BACKGROUND
For musicians, working at Fender is a fantasy. Justin Norvell has lived that fantasy, seeing every side of the company renowned for their sweet-sounding guitars. Recently, Norvell helped create the Fender Accelerator Tour, an artist outreach initiative that supplies musicians with branded vans and cameras for creating social media buzz.
Dream Job
I grew up in a musical household. I discovered my father’s 1000-plus record collection and started playing. I moved to England in the mid-‘80s and got in my first bands. Upon moving back, I played in punk bands around the D.C. area. I went to Arizona for college when bands were being signed. [My band was] good enough to be looked at by labels but sounded enough like other bands that we were passed on.
I got a job at Fender while working with my band. It quickly changed from day-job-while-trying-to-be-a-musician into a career. I’ve been working for 19 years through every department within the company—customer service to sales to product marketing. That allowed me to have a holistic, 360-degree view of [the company].
One of my first musical memories was seeing a Fender tortoise shell guitar pic. It was the first logo I remember seeing. I’ve jammed with some of my idols, and it’s been a fantastic experience. And I’m still a musician. I do sound check work and music for syncs in advertising, so I’m able to stay close to the original muse and motivation that got me into the business.
The Fender Legacy
The Fender sound is on many records in the last 60-plus years to today. Every guitar we make could be the guitar the next “Smells Like Teen Spirit” or “Purple Haze” is written on. We make tools for musicians—we make our art, so people can make their art.
Accelerating Careers
This is the first year [of the Accelerator Tour]. Our artist relations group is always working with artists. The Stratocaster was born of artist feedback on the Telecaster. That’s been a large part of what we do and how products evolve.
Over the last several years, we’ve held unsigned band contests and things of that nature. We looked at bands we work with and what their struggles were. So we came up with this idea: what if, instead of just sponsoring a tour by putting our name on something, we create a program where members of the Fender family could come and go? On tour, there’s a behind-the-curtains aspect—a lot of mystery and romanticism. We wanted to partner with artists and create a platform that allowed us to embed with them and create something special that hadn’t been done before.

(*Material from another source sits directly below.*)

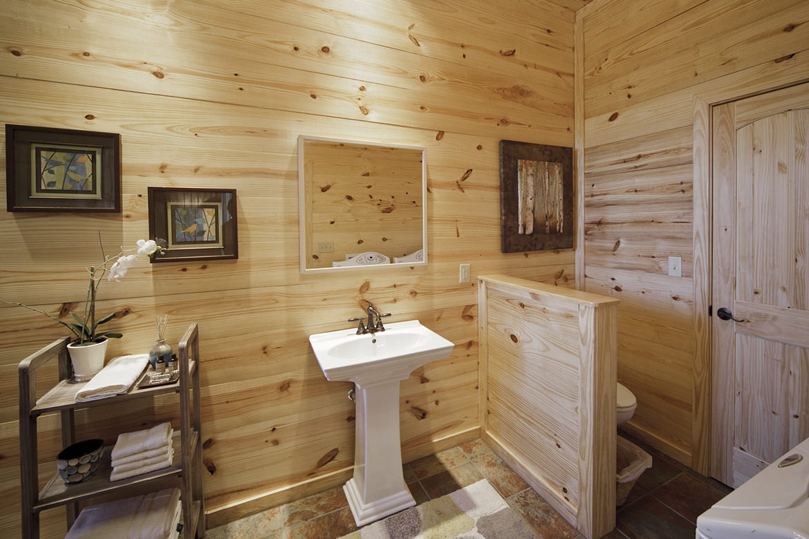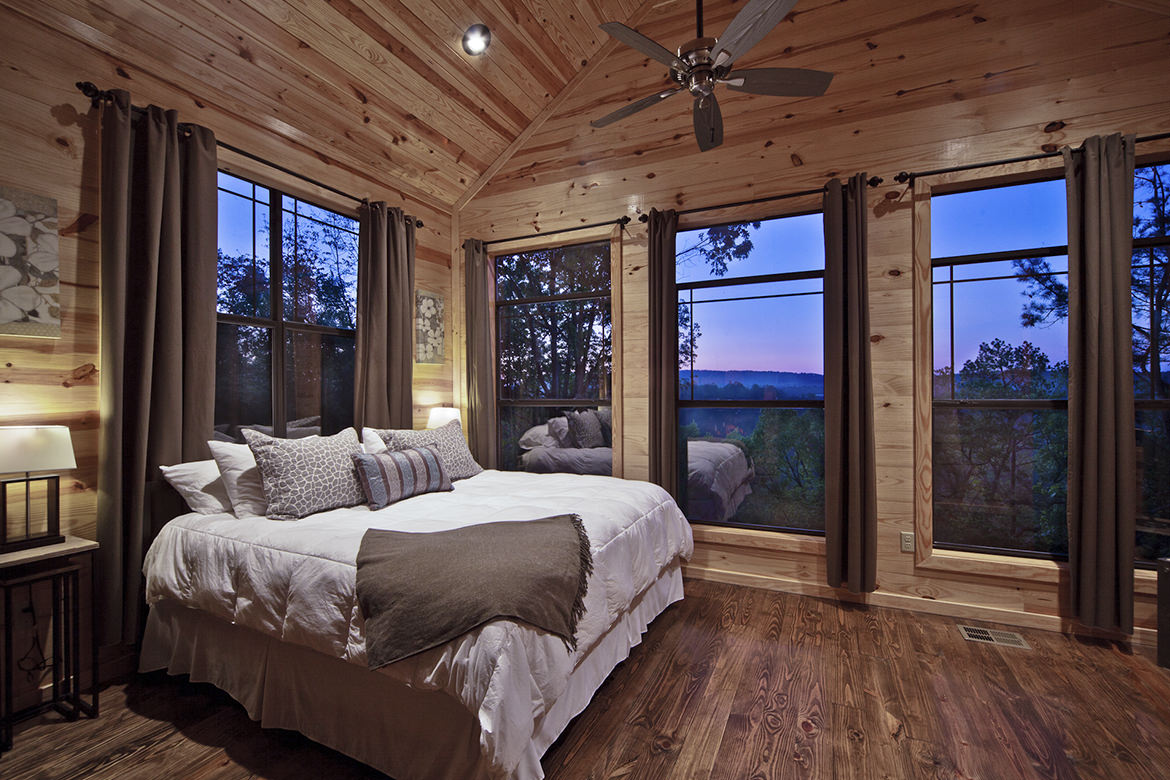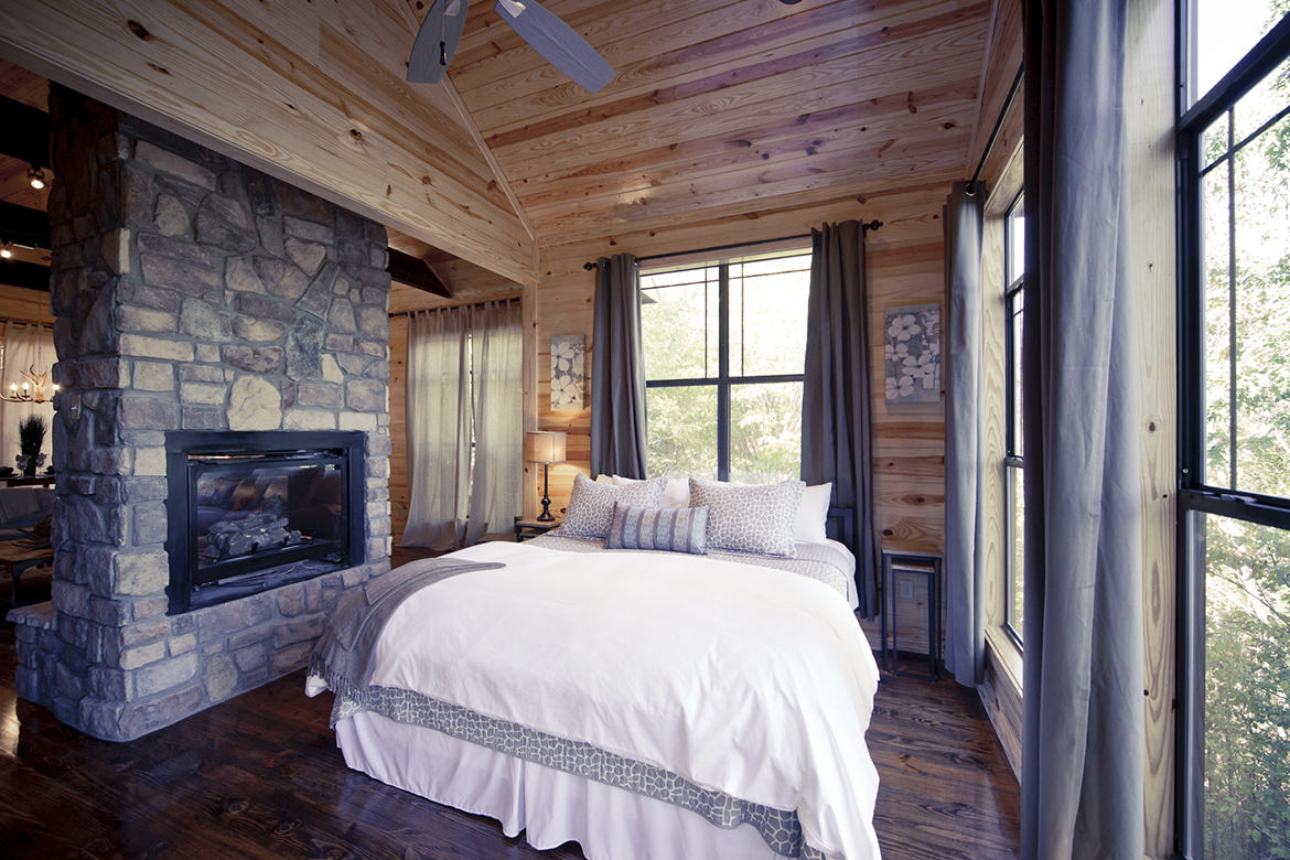 Step inside Mount Mystic cabin and it’s hard to believe you’ve left the outdoors with large windows surrounding you on all sides. This open floor plan cabin showcases a large double sided gas fireplace that separates the living area from the bedroom and can be enjoyed from both rooms. Sleek modern rustic furniture and accessories adorn the cabin in style.

Each band gets promotional and marketing support from us: a 15-passenger touring van, access to Fender gear, meetings with our artist relations experts and fuel and vehicle maintenance coverage. Most are Fender players already, but we help them with additional gear needs and back line support.
Giving Artists an Audience
We have a reach of over five million people each month via web and social traffic. For emerging bands, that is a massive audience. Giving artists with 11,000 Instagram followers access to that platform is something we feel passionately about.
What to Film
We try to keep it as authentic and natural as possible—no heavy guidelines. It’s about capturing the behind-the-scenes authenticity of life on the road, something fans want to see, something to whet their eyes. Writing songs in rehearsal, sound check, hanging out at a truck stop or anything imaginable for life on tour.
A Deep Bench
Our artist relations group is a global system with reps in London, Tokyo and Nashville. We deal with thousands of bands, so there’s a bench of people we have relationships with. Agencies and partners we’ve worked with have helped us curate relationships with newer bands.
Fenders Play Everything
We highlight our instruments’ versatility. There are guitars or basses that focus on specific genres, but a Fender can play anything. We want a wide variety of bands—anything from dreamy synth-pop to country to noise rock, blues—to highlight the amount of diversity you can achieve on our instruments.